Todo transcurrió según lo imaginado, aunque ver a mi viejito fue impactante. Su estado parecía más frágil que en las últimas fotos que me habían enviado, elegidas con cuidado para no herirme demasiado en la distancia.
Lo habían afeitado y perfumado. Para recibirme, él quiso que lo sentaran en una silla de ruedas haciendo un esfuerzo mayúsculo para que pudiéramos disfrutar de ese día de reencuentro. Su voz apenas salía de sus pálidos labios. Poco pudimos hablar, pero ambos pudimos expresar el amor que sentíamos.
A pesar de todo, me sentí contento: al fin podía verlo. Todos me advirtieron con asombro que estábamos presenciando la mejor versión de papá de las últimas semanas.
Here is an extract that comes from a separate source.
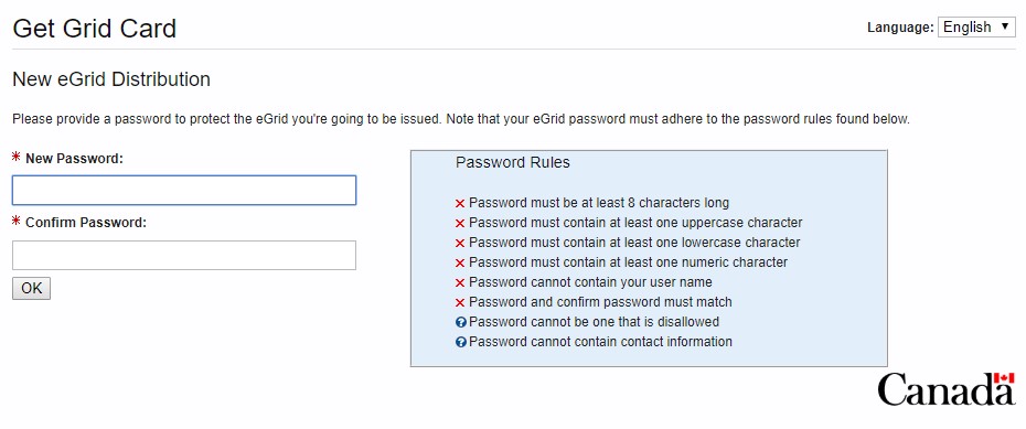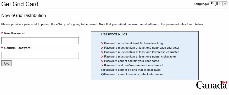 - Provide a password that will be associated with the Grid Card. Make sure to follow the Password Rules presented on the right side of the screen. Click OK.

Oí varias veces el comentario que, desde que supo que yo iría, volvió a tomar líquidos con mayor entusiasmo. Me estaba esperando…
Mi presencia consolaba a mamá y aliviaba al resto. Hacía demasiado que no nos veíamos. Además, podría aportar un poco de la tranquilidad que tanta falta hacía ante tanta desolación. El único médico en la familia y tan lejos en ese momento, separado por miles de kilómetros y por una insensible pandemia que todo lo complicaba.
Dentro de lo que cabe, fue un día de fiesta: no faltó el interminable banquete (centro de toda reunión de nuestra familia) y los sentidos abrazos de hermanos, primos y sobrinos que venían a recibirme y, sin quererlo, a despedirse de papá. Por momentos fue
inevitable quitarnos las mascarillas, abrazarnos y llorar por una mezcla de emociones que incluían la tristeza.
Al día siguiente, el estado de papá se derrumbó: ya no quiso ni pudo volver a sentarse, y otra vez apareció la dificultad para tragar los líquidos. Todos estuvimos de acuerdo con cumplir su voluntad de no volver al hospital. El postoperatorio de la cirugía de cadera había sido muy duro, principalmente por las restricciones de las visitas. No quería volver a estar solo. Deseaba estar rodeado de los suyos.
Sus piernas adelgazadas se movían con debilidad en la cama y su mente comenzaba a volar por horizontes desconocidos… Cuando alguien lo acariciaba, con mucho esfuerzo acercaba su mano sin abrir los ojos, y respondía con unas palmaditas tan características de él que creo que ya era un acto reflejo… Y así continuó apagándose durante los diez días de mi visita.
La tos se limitaba a la dificultad para tragar. Afortunadamente, sus broncoespasmos habían remitido casi por milagro. Al auscultarlo, no advertía ni roncus ni sibilancias, y cada vez que lo hacía, notaba un gesto de alivio y tranquilidad en su cara. Tuve la suerte de sentir que él percibía mi presencia. Inesperadamente, el asma, que siempre tan mal lo trató, se apiadó de papá durante sus últimos días. Respiraba tranquilo. Con poca fuerza, pero sereno.
El asma había sido muy cruel con mi padre desde su juventud. Lo había estigmatizado hasta tal punto, que no lo recuerdo sin su inhalador. Siempre cerca, en la mano o en el bolsillo. Desde niño, he visto la evolución de todos los dispositivos de inhalación. Desde aquellos que venían con pipetas de cristal y una pera de goma hasta los dispositivos más modernos de todas las formas y colores. Múltiples nebulizadores han pasado por casa, hasta el punto de convertirse en un mobiliario indispensable del salón comedor. Recuerdo la fatiga, que, desencadenada por el ejercicio, le obligaba a abandonar los juegos familiares y a aplicarse uno o más “chutes” del broncodilatador.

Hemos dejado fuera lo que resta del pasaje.